N-jettiness subtractions for ggH at subleading power

Ian Moult, Lorena Rothen, Iain W. Stewart, Frank J. Tackmann, and Hua Xing Zhu
Phys. Rev. D 97, 014013 – Published 24 January 2018

Abstract

N-jettiness subtractions provide a general approach for performing fully-differential next-to-next-to-leading order (NNLO) calculations. Since they are based on the physical resolution variable N-jettiness, TN, subleading power corrections in τ=TN/Q, with Q a hard interaction scale, can also be systematically computed. We study the structure of power corrections for 0-jettiness, T0, for the ggH process. Using the soft-collinear effective theory we analytically compute the leading power corrections αsτlnτ and αs2τln3τ (finding partial agreement with a previous result in the literature), and perform a detailed numerical study of the power corrections in the gg, gq, and qq¯ channels. This includes a numerical extraction of the αsτ and αs2τln2τ corrections, and a study of the dependence on the T0 definition.
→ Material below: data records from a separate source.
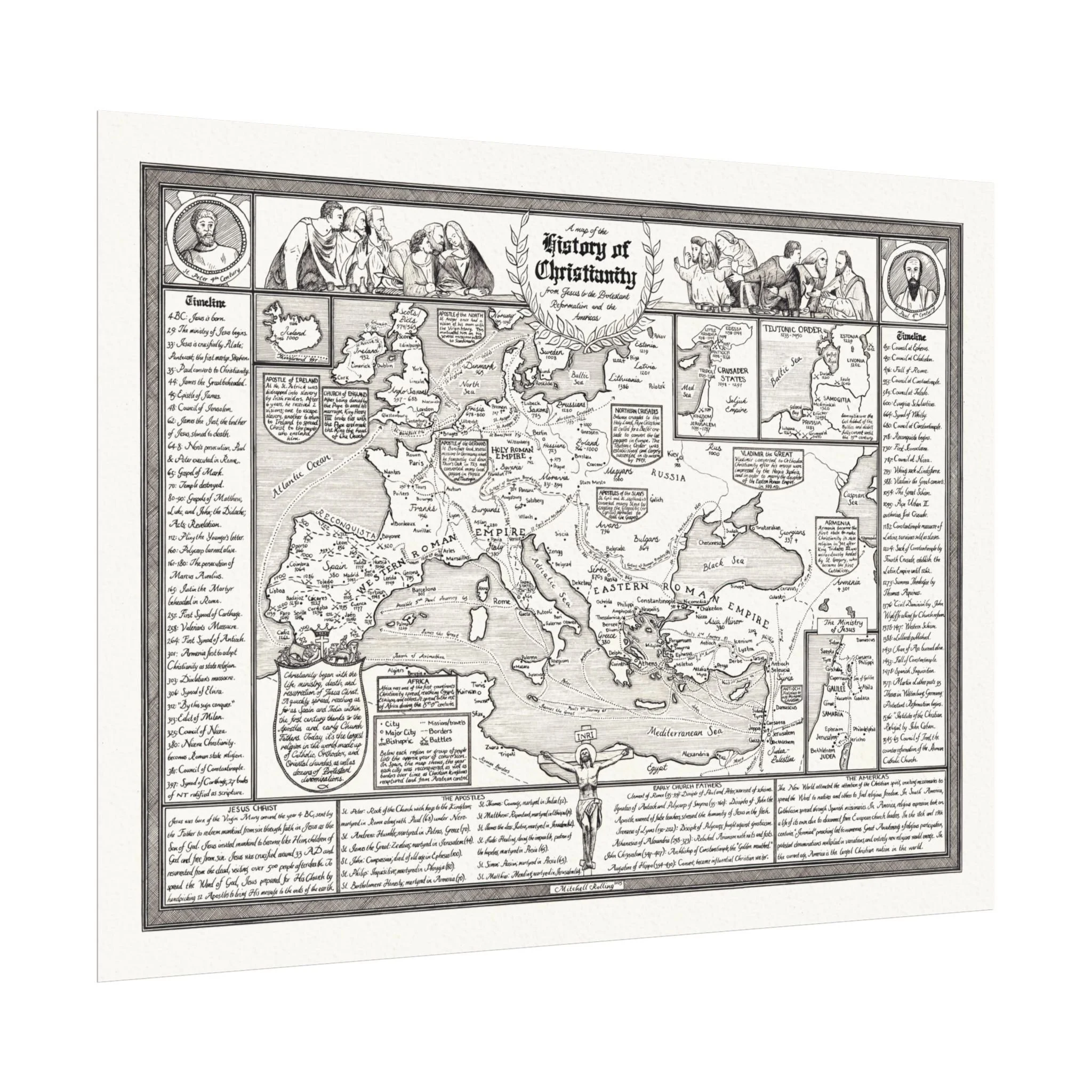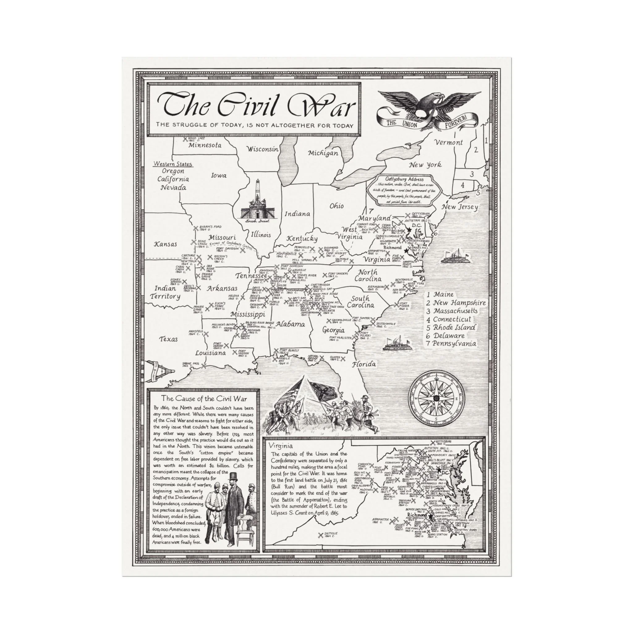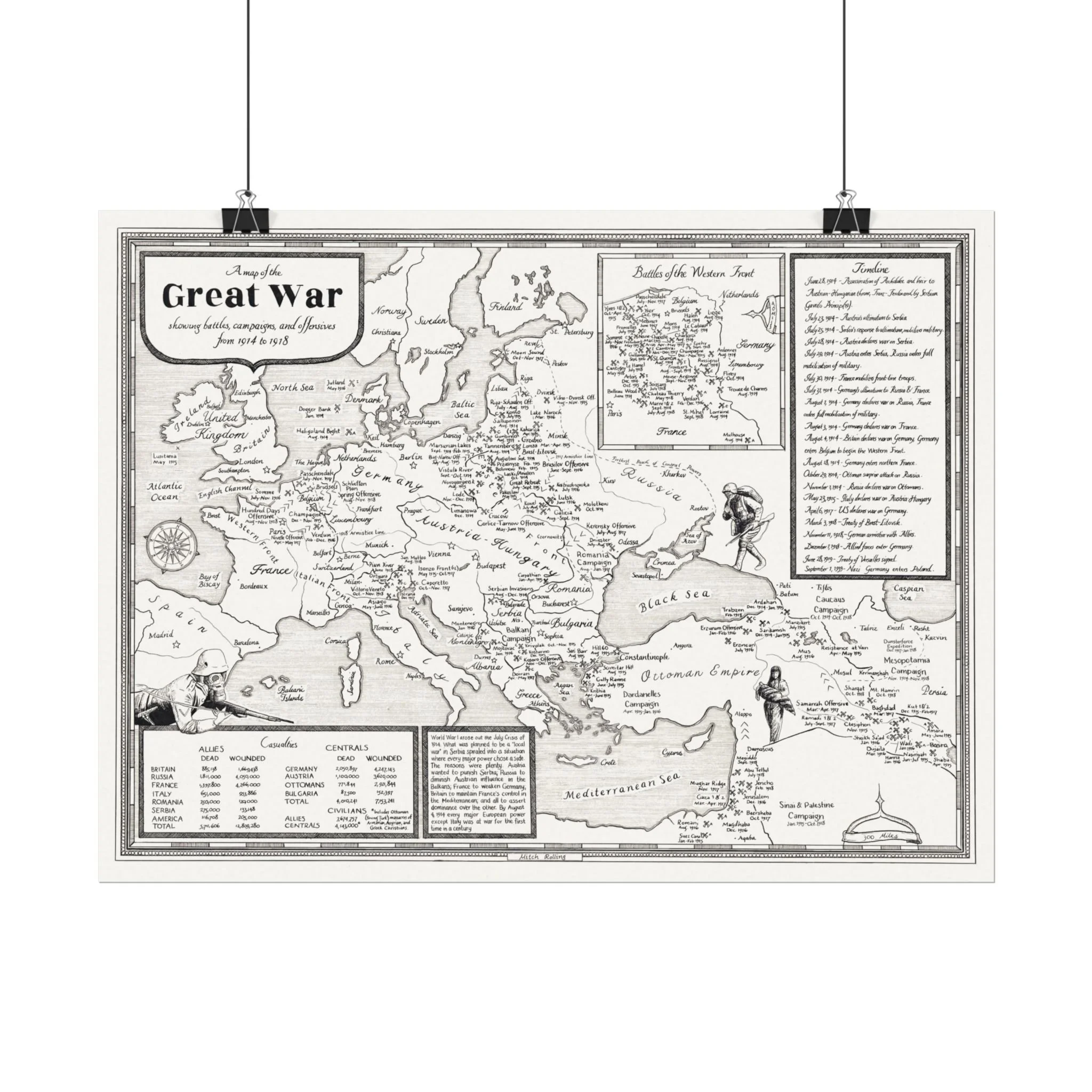 This WWII map shows all the major theaters of war, major battles and events throughout, territorial changes of Germany and Japan, total casualties for all major countries involved, and several detailed hand-drawn images of events during the war.
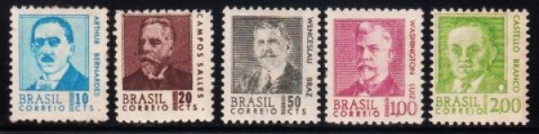• SELO REGULAR: BRASIL 1967/1968. RHM: 532/536 – ANTIGOS PRESIDENTES DA REPUBLICA. MINT. SÉRIE COMPLETA. VL. CAT. 105.
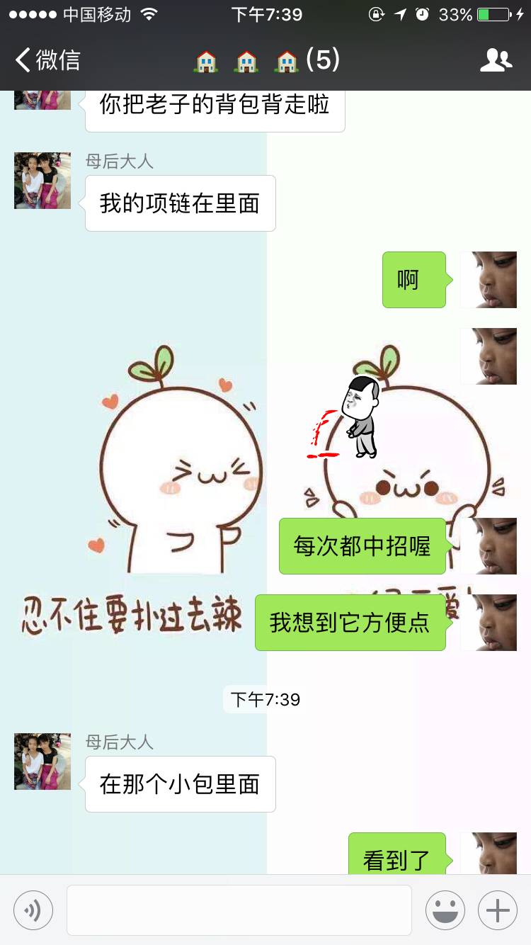 即上次拿了我妈妈放钱的衣服。后天朋友结婚🎎,明早高铁去成都,今天和三哥儿住在县城,感觉麻麻的双肩包方便一点。她又发微信跟我说,她的项链在里面。。。。。吐血中,还好,还在。三哥儿吃了一大碗肥肠粉儿。我吃了一小碗,兔儿面。

Including such power suppressed logarithms significantly reduces the size of missing power corrections, and hence improves the numerical efficiency of the subtraction method. Having a more detailed understanding of the power corrections for both qq¯ and gg initiated processes also provides insight into their universality, and hence their behavior in more complicated processes where they have not yet been analytically calculated.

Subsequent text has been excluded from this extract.